Di dekat bagian belakang pemakaman terdapat sebuah ruang bawah tanah penerima yang baru, yang baru saja disumbangkan kepada asosiasi pemakaman oleh janda seorang pemegang saham kaya yang meninggal tahun sebelumnya. Ruang bawah tanah itu terbuat dari batu, dengan pintu besi berat yang tertutup dengan kait dan kunci.

Setelah berbelok sehingga untuk sementara ia tersembunyi dari pandangan Sam, Lew Flapp melihat brankas itu, dengan pintu yang sedikit terbuka.

"Dia tidak akan mencariku di sana," pikir si pengganggu, lalu menyelinap masuk ke tempat itu dengan secepat mungkin.
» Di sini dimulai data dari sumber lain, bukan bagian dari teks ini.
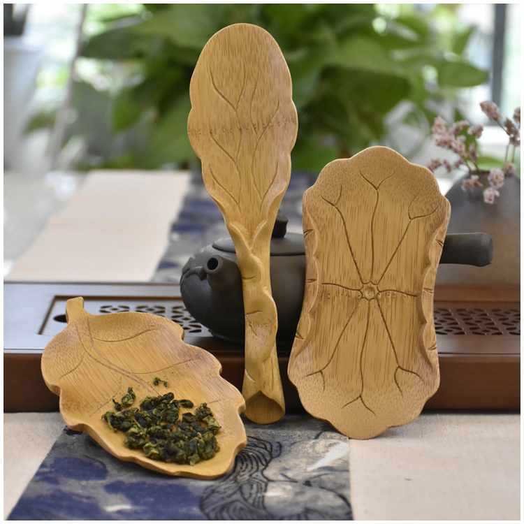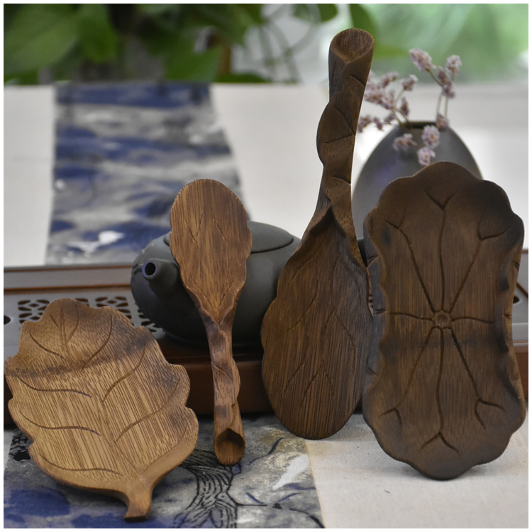 Bamboo tea spoon Tea lotus carved tea Old Bamboo tea shovel Six gentleman teaspoons Coaster cup holder Tea Ceremony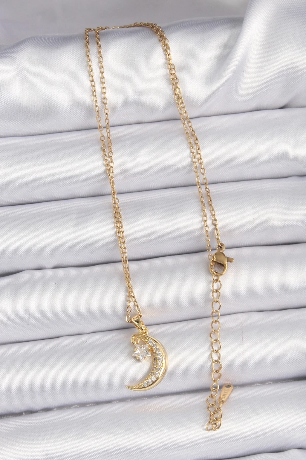 ® 316L Çelik Zincir Altın Renk Zirkon Taşlı Sallantılı Ay Yıldız Kolye

Begitu berada di dalam, dia berjongkok di sudut gelap di belakang pintu dan menunggu.

Sam, yang berbelok tepat pada saat yang tepat, melihat Flapp menghilang ke dalam brankas. Tanpa berhenti, dia berlari ke depan dan menutup pintu besi, membiarkan kait berat itu terkunci pada tempatnya.

"Nah, Lew Flapp, kurasa aku sudah menangkapmu!" serunya, setelah yakin pintu itu terkunci rapat.

Si pengganggu itu tidak menjawab, tetapi kemungkinan besar hatinya merasa sedih.

"Kau dengar aku, Flapp? Kau tak perlu berpura-pura tidak ada di dalam sana, karena
aku melihatmu masuk."

Tetap saja Lew Flapp tidak menjawab.

"Apakah kau ingin aku pergi dan meninggalkanmu terkunci di dalam brankas?" lanjut Sam. "Itu akan menjadi tempat yang indah untuk mati kelaparan."

"Biarkan aku keluar!" teriak si pengganggu, lalu ia berdiri dan menampakkan wajahnya di jeruji kecil dekat bagian atas pintu. "Biarkan aku keluar, Rover, kau orang baik."

"Jadi, kamu belum mau mati kelaparan?"

"Kau tak akan berani meninggalkanku di sini, kau tahu kau tak akan berani!"

"Kenapa tidak? Bukankah kau pantas mendapatkannya, setelah tipuan yang kau lakukan pada Dick,
Tom, dan aku?"

"Kukatakan padamu, ini semua salah. Biarkan aku keluar dan aku akan menjelaskan semuanya," lanjut Flapp, yang kini benar-benar ketakutan.

"Aku akan membiarkanmu keluar—setelah aku memanggil petugas kepolisian kota."

"Jangan kurung aku, kumohon, Sam. Beri aku kesempatan," pinta si pengganggu.

"Kau tidak pantas mendapat kesempatan apa pun. Kau mencoba mengirimku dan saudara-saudaraku ke penjara, dan kau harus menanggung akibatnya."

"Jadi, kau tidak akan membiarkanku keluar?"

"TIDAK."

"Aku akan membayarmu dengan harga yang bagus untuk itu."

"Kau tidak punya cukup uang untuk membayarku, Flapp, dan kau tahu itu."

"Jika kau memenjarakanku , aku akan mengatakan kau membantuku dalam perampokan itu."

"Ah, jadi kau mengakui kau yang melakukannya," seru Sam dengan penuh kemenangan.

"Tidak, aku tidak mengakui apa pun," geram si pengganggu.

"Sampai jumpa."

"Kamu mau pergi ke mana?"

"Aku akan mengejar penjaga kuburan dan polisi," jawab Sam, lalu pergi tanpa mengucapkan sepatah kata pun.